How stories shape what clients can feel

Another shift happened: I began noticing that clients don’t only carry feelings they carry stories that permit or forbid feelings.

Some people had a story that allowed anger but forbade grief. Others allowed competence but forbade need. Others allowed caretaking but forbade receiving. These story-rules are often inherited through family culture and wider culture what Durkheim might call collective forces shaping individual experience. [7]

Assmann’s work on cultural memory helped me hold how “personal” pain can be transmitted through language, tradition, and family narrative without requiring any mystical explanation.

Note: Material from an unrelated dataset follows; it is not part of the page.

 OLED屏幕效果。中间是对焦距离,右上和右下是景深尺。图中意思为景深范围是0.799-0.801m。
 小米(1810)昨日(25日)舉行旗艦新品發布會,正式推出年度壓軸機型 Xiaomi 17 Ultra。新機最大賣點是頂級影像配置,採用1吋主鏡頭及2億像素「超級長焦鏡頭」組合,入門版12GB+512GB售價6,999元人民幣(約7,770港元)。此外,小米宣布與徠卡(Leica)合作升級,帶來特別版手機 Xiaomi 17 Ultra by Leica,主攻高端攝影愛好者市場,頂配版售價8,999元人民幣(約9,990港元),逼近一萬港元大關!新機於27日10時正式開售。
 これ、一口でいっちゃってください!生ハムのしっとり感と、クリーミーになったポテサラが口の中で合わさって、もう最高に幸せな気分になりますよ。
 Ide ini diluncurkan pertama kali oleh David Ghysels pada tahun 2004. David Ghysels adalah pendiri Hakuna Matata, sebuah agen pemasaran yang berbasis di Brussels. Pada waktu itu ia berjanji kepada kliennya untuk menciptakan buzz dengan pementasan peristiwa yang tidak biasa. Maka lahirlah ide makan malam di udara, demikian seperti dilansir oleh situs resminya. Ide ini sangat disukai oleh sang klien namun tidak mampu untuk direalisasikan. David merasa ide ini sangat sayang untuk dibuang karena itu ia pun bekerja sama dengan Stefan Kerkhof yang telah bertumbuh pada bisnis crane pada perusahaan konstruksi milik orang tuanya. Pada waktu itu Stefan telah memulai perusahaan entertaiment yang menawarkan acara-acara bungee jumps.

Culture remembers, and people live inside what culture remembers. [6]

A careful claim about the collective unconscious

So where do I land now?

I hold the “collective unconscious” as a useful name for this reality: across time, humans keep meeting similar existential problems, and the psyche keeps producing similar solutions in image and narrative. Those solutions become shared cultural material, and the shared material in turn shapes the psyche. It’s a loop.

You don’t have to believe in a literal psychic warehouse of ancient content to see the phenomenon. You can observe it clinically: certain patterns recur with such consistency that they behave like deep templates. [1], [4], [11], [12]

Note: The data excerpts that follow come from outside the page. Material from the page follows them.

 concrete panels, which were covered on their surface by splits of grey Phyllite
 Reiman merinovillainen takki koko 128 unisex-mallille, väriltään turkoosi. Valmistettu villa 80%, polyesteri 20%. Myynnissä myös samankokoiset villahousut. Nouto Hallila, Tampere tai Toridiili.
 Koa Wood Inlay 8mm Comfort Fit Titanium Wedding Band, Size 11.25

What it changed in my work with clients

Archetypal thinking made me less moralistic and more curious.

When a client repeats a destructive relational pattern, I’m less likely now to treat it as “bad decision-making” and more likely to ask:

  • What template is trying to complete itself here? [1]
  • What was disallowed, and is now returning through symptom or compulsion? [2]
  • What does the nervous system expect will happen if they stop performing the old story? [12], [13]
  • What would integration look like, not as perfection, but as increased choice? [14]

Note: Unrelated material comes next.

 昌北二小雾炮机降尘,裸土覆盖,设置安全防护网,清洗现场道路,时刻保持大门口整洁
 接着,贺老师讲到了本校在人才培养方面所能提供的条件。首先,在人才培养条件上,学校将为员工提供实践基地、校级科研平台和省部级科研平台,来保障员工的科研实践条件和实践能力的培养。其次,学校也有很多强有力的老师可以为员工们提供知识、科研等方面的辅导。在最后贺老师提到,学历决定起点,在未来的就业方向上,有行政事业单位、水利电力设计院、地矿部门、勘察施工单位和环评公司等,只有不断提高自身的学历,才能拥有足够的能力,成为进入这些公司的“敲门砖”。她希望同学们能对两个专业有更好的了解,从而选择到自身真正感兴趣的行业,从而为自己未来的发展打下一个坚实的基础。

This is where the whole thing becomes practical: archetypes aren’t there to make life poetic. They’re there to make life intelligible, so that a person can step out of compulsive repetition and into agency.

💡A final note on confidentiality

When I reflect on “clients I’ve seen,” I’m always speaking in composites blurred details, mixed stories because the point isn’t the biography. The point is the pattern. And in that sense, archetypal work is respectful: it protects the person while clarifying the structure.

References (Books)

  1. Jung, C. G. (1981). The Archetypes and the Collective Unconscious (Collected Works of C. G. Jung, Vol. 9, Part 1). Princeton, NJ: Princeton University Press.
  2. Jung, C. G. (1966). Two Essays on Analytical Psychology (Collected Works of C. G. Jung, Vol. 7). Princeton, NJ: Princeton University Press. 
  3. Jung, C. G. (1964). Man and His Symbols. London: Aldus Books. 
  4. Campbell, J. (1949). The Hero with a Thousand Faces. New York: Pantheon Books.
  5. Eliade, M. (1963). Myth and Reality. New York: Harper & Row.
  6. Assmann, J. (2011). Cultural Memory and Early Civilization: Writing, Remembrance, and Political Imagination. Cambridge: Cambridge University Press. 
  7. Durkheim, É. (1995). The Elementary Forms of Religious Life. New York: Free Press. (Original work published 1912). 
  8. van Gennep, A. (1960). The Rites of Passage. Chicago: University of Chicago Press. (Original work published 1909). 
  9. Turner, V. (1969). The Ritual Process: Structure and Anti-Structure. Chicago: Aldine Publishing Company. 
  10. Propp, V. (1968). Morphology of the Folktale (2nd ed.). Austin: University of Texas Press.
  11. Lévi-Strauss, C. (1963). Structural Anthropology. New York: Basic Books. 
  12. Bowlby, J. (1969). Attachment and Loss, Vol. 1: Attachment. New York: Basic Books. 
  13. Ainsworth, M. D. S., Blehar, M. C., Waters, E., & Wall, S. (1978). Patterns of Attachment: A Psychological Study of the Strange Situation. Hillsdale, NJ: Lawrence Erlbaum Associates. 
  14. Hillman, J. (1996). The Soul’s Code: In Search of Character and Calling. New York: Random House.